Data for this exercise:
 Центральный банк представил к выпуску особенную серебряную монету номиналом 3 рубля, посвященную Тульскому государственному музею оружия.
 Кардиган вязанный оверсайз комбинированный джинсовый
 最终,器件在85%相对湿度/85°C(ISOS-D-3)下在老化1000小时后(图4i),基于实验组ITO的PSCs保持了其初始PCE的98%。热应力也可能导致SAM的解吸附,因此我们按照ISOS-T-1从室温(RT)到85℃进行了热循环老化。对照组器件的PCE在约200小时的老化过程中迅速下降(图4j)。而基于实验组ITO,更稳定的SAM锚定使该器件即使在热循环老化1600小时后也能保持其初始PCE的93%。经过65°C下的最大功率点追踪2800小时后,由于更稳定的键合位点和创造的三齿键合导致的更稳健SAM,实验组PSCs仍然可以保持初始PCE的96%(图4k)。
...
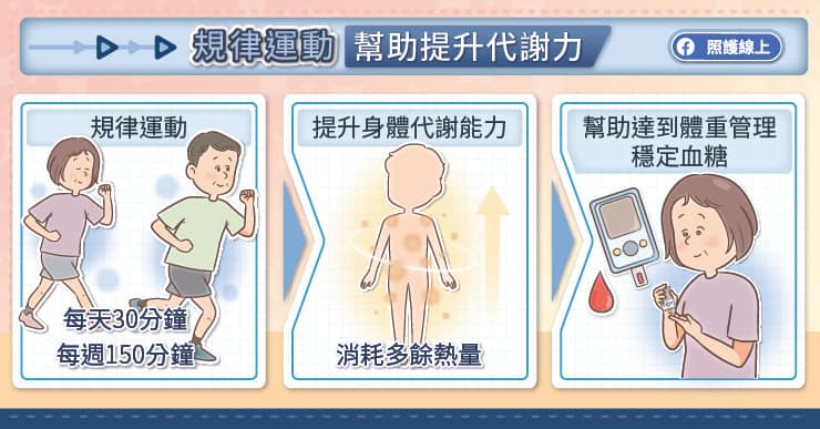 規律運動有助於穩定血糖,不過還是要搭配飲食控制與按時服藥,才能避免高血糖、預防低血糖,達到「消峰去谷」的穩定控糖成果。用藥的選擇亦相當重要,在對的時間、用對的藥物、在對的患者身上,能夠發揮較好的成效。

What to do: When you reach the line holding "Центральный банк представил" in the records above, begin reproducing exactly, stop after the line holding "最终,器件在85%相对湿度/", and output nothing else.

Exercise solution:
 Центральный банк представил к выпуску особенную серебряную монету номиналом 3 рубля, посвященную Тульскому государственному музею оружия.
 Кардиган вязанный оверсайз комбинированный джинсовый
 最终,器件在85%相对湿度/85°C(ISOS-D-3)下在老化1000小时后(图4i),基于实验组ITO的PSCs保持了其初始PCE的98%。热应力也可能导致SAM的解吸附,因此我们按照ISOS-T-1从室温(RT)到85℃进行了热循环老化。对照组器件的PCE在约200小时的老化过程中迅速下降(图4j)。而基于实验组ITO,更稳定的SAM锚定使该器件即使在热循环老化1600小时后也能保持其初始PCE的93%。经过65°C下的最大功率点追踪2800小时后,由于更稳定的键合位点和创造的三齿键合导致的更稳健SAM,实验组PSCs仍然可以保持初始PCE的96%(图4k)。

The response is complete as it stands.